As the ne plus ultra of unbalanced right-wing thinkers, it's not for me to suggest how the US debate might be balanced in these pages. I have only one theory on column-writing, which is this: at a certain basic level, a columnist has to be right more often than not, otherwise the reader (I use the singular advisedly) is just wasting his time. If I were Robert Fisk, the famed foreign correspondent with decades of experience in the Muslim world, I'd be ashamed to leave the house. Sample Fisk headlines on the Afghan war: "Bush Is Walking Into A Trap", "It Could Become More Costly Than Vietnam". Sample insight on the Iraq war: when the Yanks announced they'd taken Baghdad International Airport, Fisky insisted they hadn't and suggested they'd seized by mistake an old RAF airfield abandoned in the Fifties.
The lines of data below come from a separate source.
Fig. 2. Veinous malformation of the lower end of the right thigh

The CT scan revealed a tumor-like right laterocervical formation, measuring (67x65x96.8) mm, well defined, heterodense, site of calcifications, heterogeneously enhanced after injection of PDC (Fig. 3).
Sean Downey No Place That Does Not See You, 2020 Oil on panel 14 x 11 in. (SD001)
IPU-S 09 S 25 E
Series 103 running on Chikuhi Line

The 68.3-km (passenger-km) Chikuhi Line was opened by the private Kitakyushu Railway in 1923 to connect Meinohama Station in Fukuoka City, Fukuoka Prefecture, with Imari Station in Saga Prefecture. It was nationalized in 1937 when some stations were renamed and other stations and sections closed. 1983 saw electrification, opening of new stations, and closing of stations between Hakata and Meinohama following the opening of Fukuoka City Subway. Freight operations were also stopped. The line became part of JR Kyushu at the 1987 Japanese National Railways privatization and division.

It's this kind of unique expertise that has made him so admired around the world, not least in Ireland.

By contrast, readers of this column may have gained the impression that George W Bush will win the Presidential election on November 2nd. If he doesn't, I shall trouble readers of this newspaper no further. It would be ridiculous to continue passing myself off as an incisive analyst of US affairs after I've been exposed as a deluded fool who completely misread the entire situation. In the bright new dawn of the Kerry Administration, you'd deserve better. If that's not an incentive for Irish citizens to smuggle a few illegal campaign contributions the Senator's way, I don't know what is.
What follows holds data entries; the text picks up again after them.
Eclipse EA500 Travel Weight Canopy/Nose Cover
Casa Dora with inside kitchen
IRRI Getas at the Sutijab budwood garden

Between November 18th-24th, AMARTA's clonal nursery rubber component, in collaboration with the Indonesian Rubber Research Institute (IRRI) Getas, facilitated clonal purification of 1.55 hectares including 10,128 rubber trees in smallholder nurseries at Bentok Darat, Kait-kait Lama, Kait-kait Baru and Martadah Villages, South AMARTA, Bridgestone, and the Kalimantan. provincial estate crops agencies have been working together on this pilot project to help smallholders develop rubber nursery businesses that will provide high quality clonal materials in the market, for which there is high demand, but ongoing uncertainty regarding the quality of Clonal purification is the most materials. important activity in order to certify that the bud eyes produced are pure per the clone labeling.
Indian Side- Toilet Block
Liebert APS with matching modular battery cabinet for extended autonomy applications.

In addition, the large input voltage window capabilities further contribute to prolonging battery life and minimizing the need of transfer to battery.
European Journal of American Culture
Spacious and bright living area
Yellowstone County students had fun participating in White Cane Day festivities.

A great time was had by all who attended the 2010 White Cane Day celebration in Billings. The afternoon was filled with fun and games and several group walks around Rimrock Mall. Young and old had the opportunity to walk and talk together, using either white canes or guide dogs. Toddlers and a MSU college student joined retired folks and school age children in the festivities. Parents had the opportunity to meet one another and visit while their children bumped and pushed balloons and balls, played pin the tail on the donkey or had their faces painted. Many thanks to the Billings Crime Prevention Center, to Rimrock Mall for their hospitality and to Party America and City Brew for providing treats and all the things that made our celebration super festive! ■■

But, if, on the other hand, Bush is re-elected, I make one small request of the Irish and European media: you need to re-think your approach to this Presidency... That's all I'm asking for after November 2nd — that the Euroleft chuck the tired gags about "Shrub" the moron, the idiot, the stupid white man that saw them through his first term. Stow the pop psychology, too — the cracks about the "daddy complex" that supposedly led him to topple Saddam. It's already obvious the 43rd Presidency is far more consequential than the 41st: George Bush Sr's place in history will mainly be as the guy who warmed up the name for George Bush Jr. If you're not prepared to give serious thought to the challenge Bush poses to the UN and EU complaceniks, you're never going to understand the times we live in.

If Kerry wins, I'm outta here. If Bush wins, eschewing lazy European condescension for the next four years would be the best way of "balancing the US debate".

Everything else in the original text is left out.